I now have 2 weeks annual leave so I feel like I should be in a really good mood but I'm not. Maybe I'll feel a bit better in a few days when I've had chase to unwind.

Anyway. The doctor wants me to have a blood test to check for vitamin levels and see him again in a month.
 
Just an update.

Been back to the doctor today as planned. He's increased my citalopram to 40mg.

It's difficult to describe the way I'm feeling currently. I have points in the day were I feel quite positive but then for no particular reason I start to feel anxious and low. Its odd, I was making tea earlier and I suddenly had this rush of anxiety like I thought something bad was going to happen. I then had to remind myself that there was nothing for me to worry about.

I now have 2 weeks annual leave so I feel like I should be in a really good mood but I'm not. Maybe I'll feel a bit better in a few days when I've had chase to unwind.

Anyway. The doctor wants me to have a blood test to check for vitamin levels and see him again in a month.

Have you started the new dose Citalopram

If so, the anxiety " rushes " could be your body adjusting to the increased dosage.

Use your two weeks to do things that you really enjoy doing, catch up with mates, go to the gym and just generally try not think of anything too hard ;)
 
Just an update.

Been back to the doctor today as planned. He's increased my citalopram to 40mg.

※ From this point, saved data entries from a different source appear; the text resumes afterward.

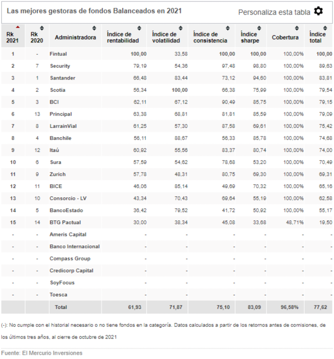 El Mercurio Inversiones publicó su ranking de las mejores administradoras para los fondos mutuos (fondos de inversión, como los conocemos en México) balanceados en 2021 y Fintual se llevó el primer lugar.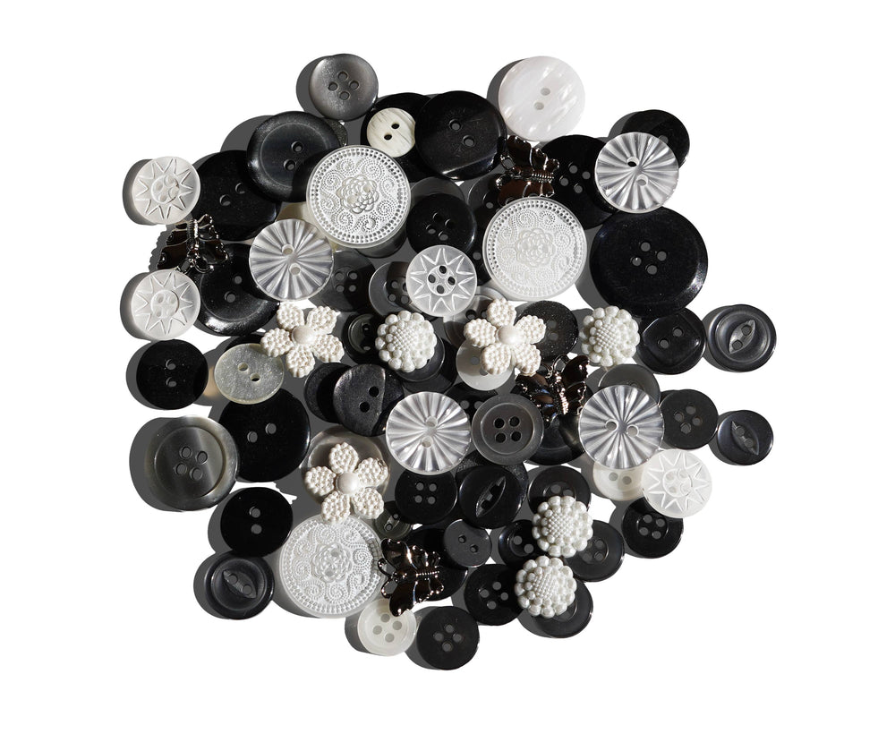 The Neutrality Treasure Box from Buttons Galore and More contains a variety of fancy designer buttons for your sewing and craft projects. These beautiful, pearlized finished buttons are offered in a crystal clear acrylic flower shaped box and will include various sizes and shapes of buttons. The flower shaped box, with seven different compartments can be used as an embellishment storage container after all the buttons are used on your creations. Includes approximately 100 buttons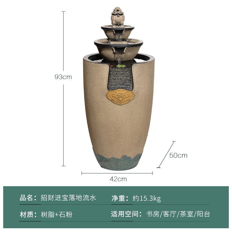 새로운 중국 스타일의 흐르는 물 장식품, 실내 거실 TV 캐비닛 옆 순환 물 분수 바닥, 새 집 개업 풍경스토어 가기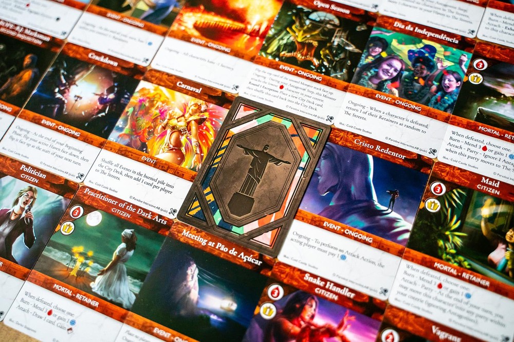 VAMPOIRES: THE MASQUERADE RIVALS EXPANDABLE CARD GAME: THE HUNTERS & THE HUNTED - A World of Darkness Awaits... When the celebrations and dancing have ended for the night, the citizens of Rio de Janeiro wander home. But in the darkness and afterglow, danger lurks: Coteries of vampires seek their prey, while Hunter cells research and investigate the unknown. Rivals is an expandable card game for 2-4 players based on the popular roleplaying game set in the World of Darkness. Each player controls a group of vampires or Hunters who seek to dominate their Rivals by attacking their foes, starting Conspiracies, advancing Agendas, and hunting mortals and monsters. Both Hunters and vampires can appear in the same game, so be ready for anything! AT A GLANCE: Number of Players: 2-4. For Ages: 14+. Playing Time: 30-70 min. Game Type: Expandable card game set in the World of Darkness. CORE SET! Contains everything you need to play right out of the box! CONTROL A GROUP OF VANPIRES OR HUNTERS: 4 pre-constructed Player Decks–2 Hunter Cells (Faithful & Inquisitive) & 2 Vampire Clans (Ministry & Caitiff)! MAKE IT PERSONALIZED: Includes Crypt Pack to customize your decks! A WORLD OF DARKNESS AWAITS: Core Set Expandable card game set in the World of Darkness.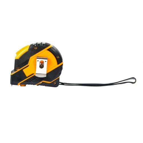 Надійний фіксатор на корпусі служить для зупинки та скручування стрічки. Для зручності у використанні корпус рулетки покритий гумою.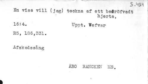 //// En visa vill (jag) teckna af ett be&röfvadt //// hjerta, //// 16:4. Uppt. Wefvar //// R5, 186,331. //// Afskedssång ! //// t //// ABO RANCKEN MS. ////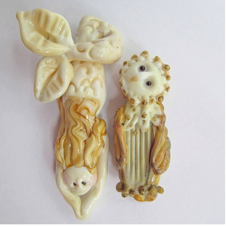From a class I taught for Bead & Button in 2014. It was about working with neutral colors in glass. Both are foca beads
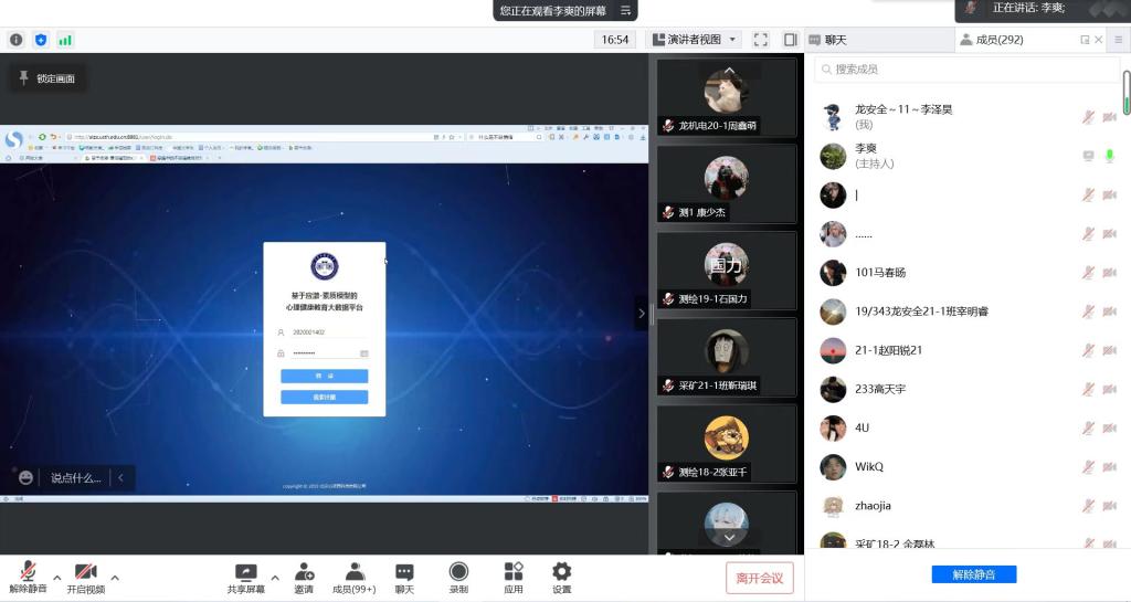 为推进“四级”网络工作格局,加大对班级心理委员、寝室联络员等员工骨干的心理危机干预能力培训力度,提高其对心理危机预防与干预意义的认识,进一步优化自身心理素质和帮助他人的能力,发挥好朋辈辅导作用。辅导员李爽以腾讯会议的形式在保证防疫安全要求的前提下为全体心理委员、寝室联络员针对心应激-素质模型的心理健康教育大数据平台开展了具体操作的培训,并着重强调了心理委员和寝室联络员的岗位职责,更需强化心理危机意识,真正帮助到有需要的同学。

It's difficult to describe the way I'm feeling currently. I have points in the day were I feel quite positive but then for no particular reason I start to feel anxious and low. Its odd, I was making tea earlier and I suddenly had this rush of anxiety like I thought something bad was going to happen. I then had to remind myself that there was nothing for me to worry about.

I now have 2 weeks annual leave so I feel like I should be in a really good mood but I'm not. Maybe I'll feel a bit better in a few days when I've had chase to unwind.

Anyway. The doctor wants me to have a blood test to check for vitamin levels and see him again in a month.
You can feel a bit ropey when it's increased but this settles once bedded in.